_THE TASK_
Pictures stay out of this copy, which runs from the first line of the material through the line containing "Known for her".
─── DATA FOR ANALYSIS ───
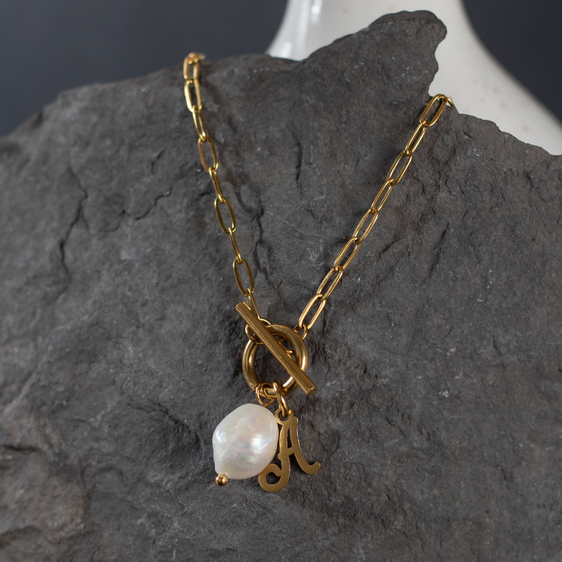 Como un susurro que descansa sobre la piel, este collar une la suavidad de una perla con la fuerza de una inicial que habla por ti.
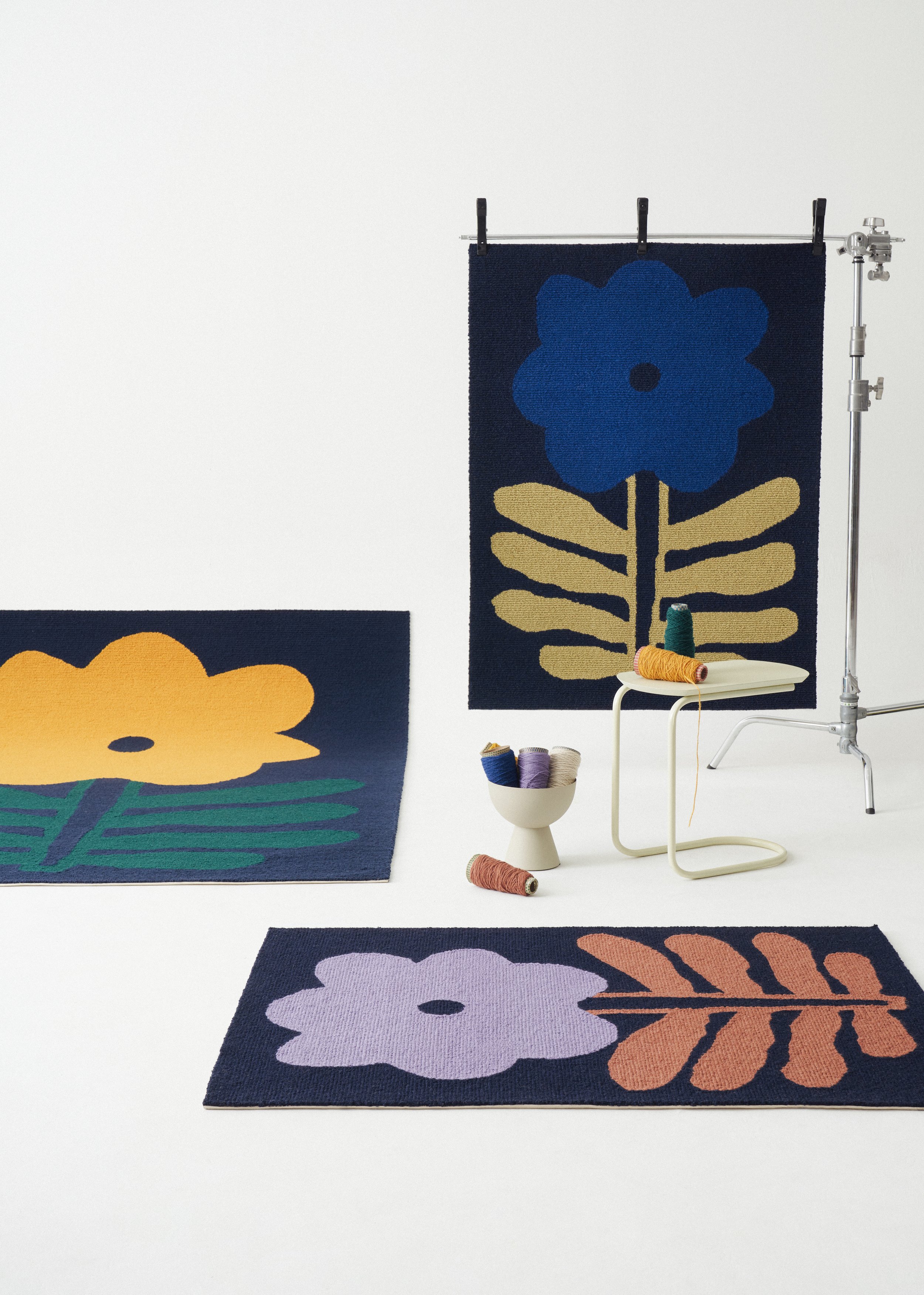 Known for her bold patterns and expressive use of colour, Claire brings her signature warmth and playfulness to this new medium. Each piece invites a sense of connection and creative expression, designed to ground a space and spark joy.
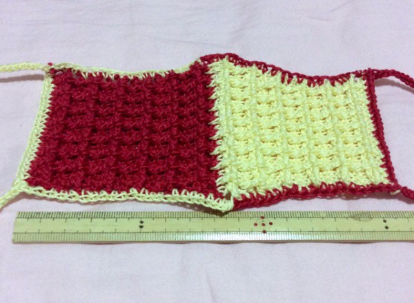 | コットンのレース糸で、かぎ針編みのマスクを作りました。 ワッフル編みでポコポコした編み地になっています。耳にかける紐もレース糸です。 黄色が残り少なかったので、同じ太さの赤い糸を使いました。 あまりにも派手すぎて悪目立ちしそうで、外にはつけていけない…というか、これ一枚では感染対策にならないので、どっちにしろ外ではつけられないのですが。練習だからいいのです(^_^;) |
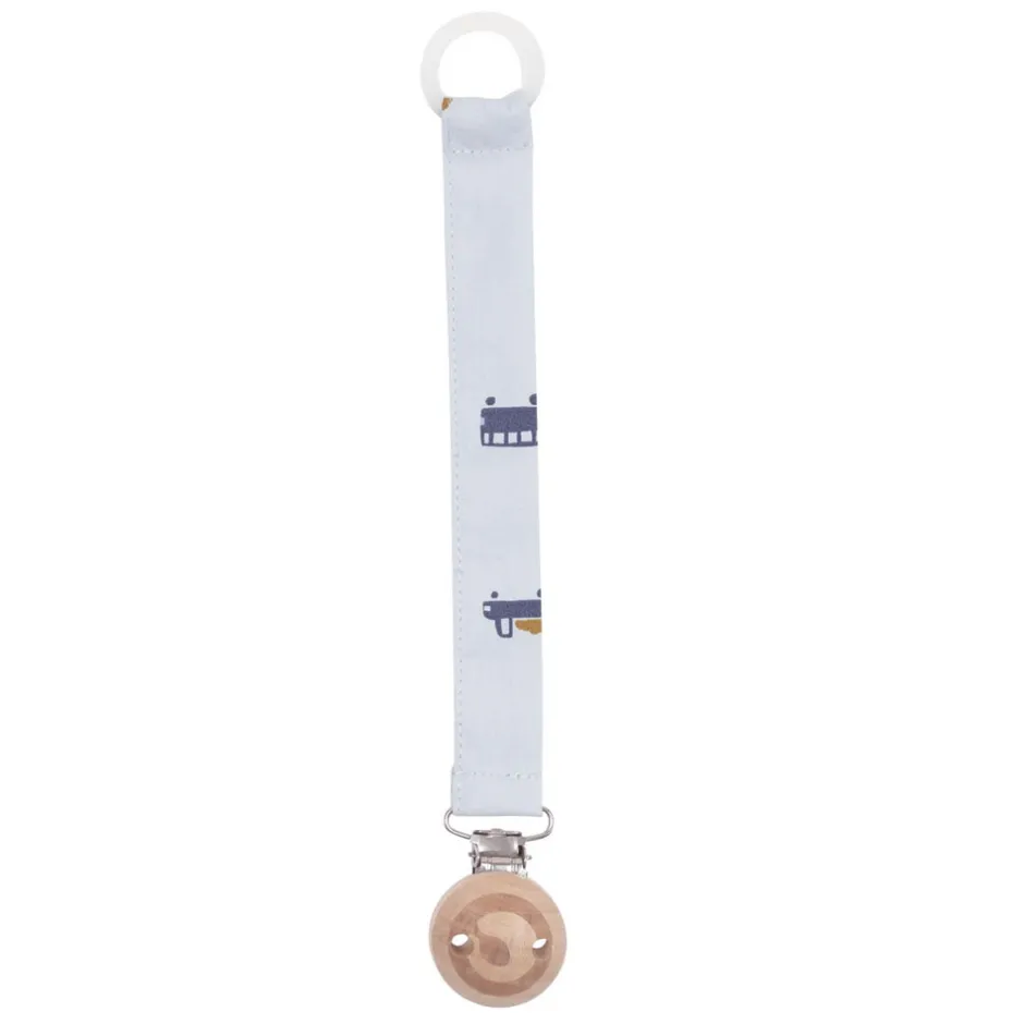 Sutte-snoren har en metalklips med træ ovenpå så man kan påsætte snoren på trøjen så sutten ikke bliver væk. På enden af sutte-snoren sidder der en gummiring som kan holde på flere forskellige slags sutter. Produktet er GOTS organic- certificeret, hvilket betyder at bomulden er certificeret økologisk, og at der i alle andre processer som farvning, strikning og syning er taget de strengeste hensyn til miljøet. GOTS er internationalt anerkendt som den førende standard for forarbejdning af tekstiler af økologisk bomuld. Derudover tages der også hensyn til arbejdsforholdene, hos dem der producerer tøjet. Økologisk bomuld 100%. (GOTS Organic Certified by Ecocert Greenlife Lic. No. 152033).
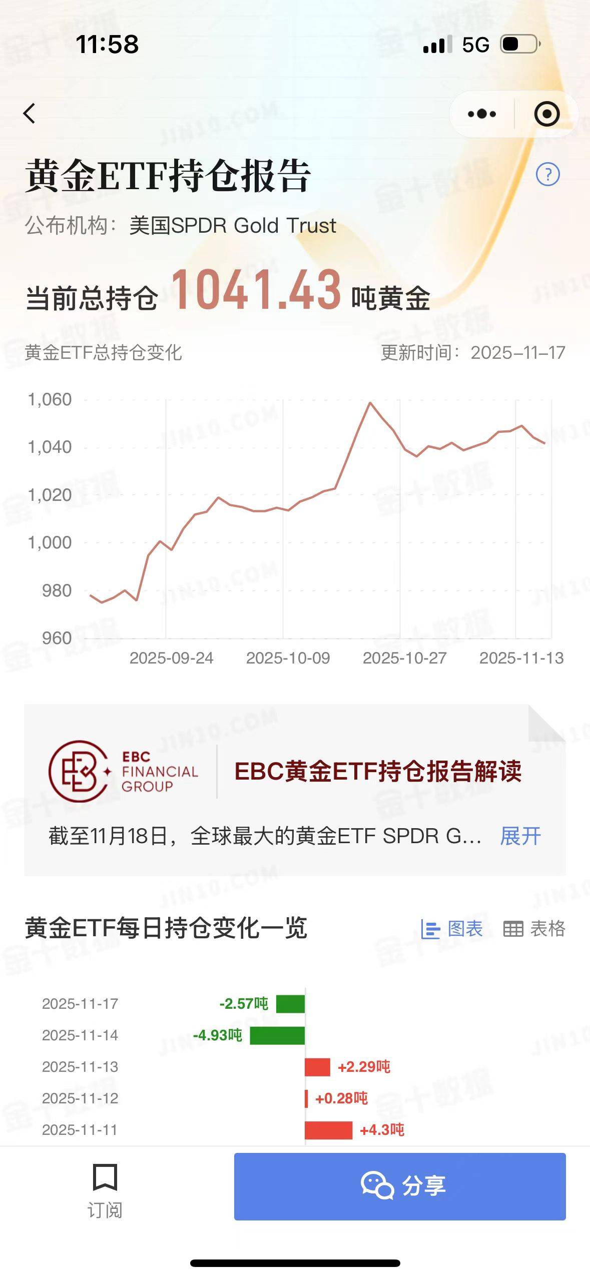 黄金ETF持仓量报告解读(2025-11-19)金价一度遭遇抛售 跌破4000
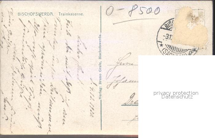 42191567 alte Postkarte Bischofswerda Trainkaserne postalisch gelaufen Erhaltung siehe scans KatCode: 11110014272020
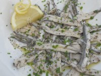 Drain the anchovies then and all you have to do is pep them up with good olive oil, minced garlic, little salt and pepper, chopped flat leaf parsley and a good squeeze of lemon juice.
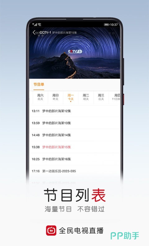 手机也能看高清流畅的电视直播了,喜欢看电影就关注CCTV6、喜欢看体育赛事就关注CCTV5、喜欢看法制类节目就关注CCTV12,满足大家不同的需求和爱好。
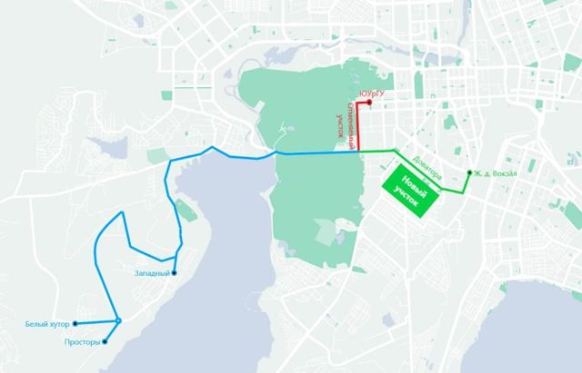 «136 от Белого хутора по улицам: Лазурная, Просторная, Изумрудная, автодорога Шершни — Западный, Лыжных Батальонов, Гостевая, Северная, Братьев Кашириных, Кирова, Труда, Цвиллинга, проспект Ленина, Свободы до Железнодорожного вокзала», – сообщает Министерство дорожного транспорта и хозяйства Челябинской области.
───
_ANSWER SPACE_
 Como un susurro que descansa sobre la piel, este collar une la suavidad de una perla con la fuerza de una inicial que habla por ti.
 Known for her bold patterns and expressive use of colour, Claire brings her signature warmth and playfulness to this new medium. Each piece invites a sense of connection and creative expression, designed to ground a space and spark joy.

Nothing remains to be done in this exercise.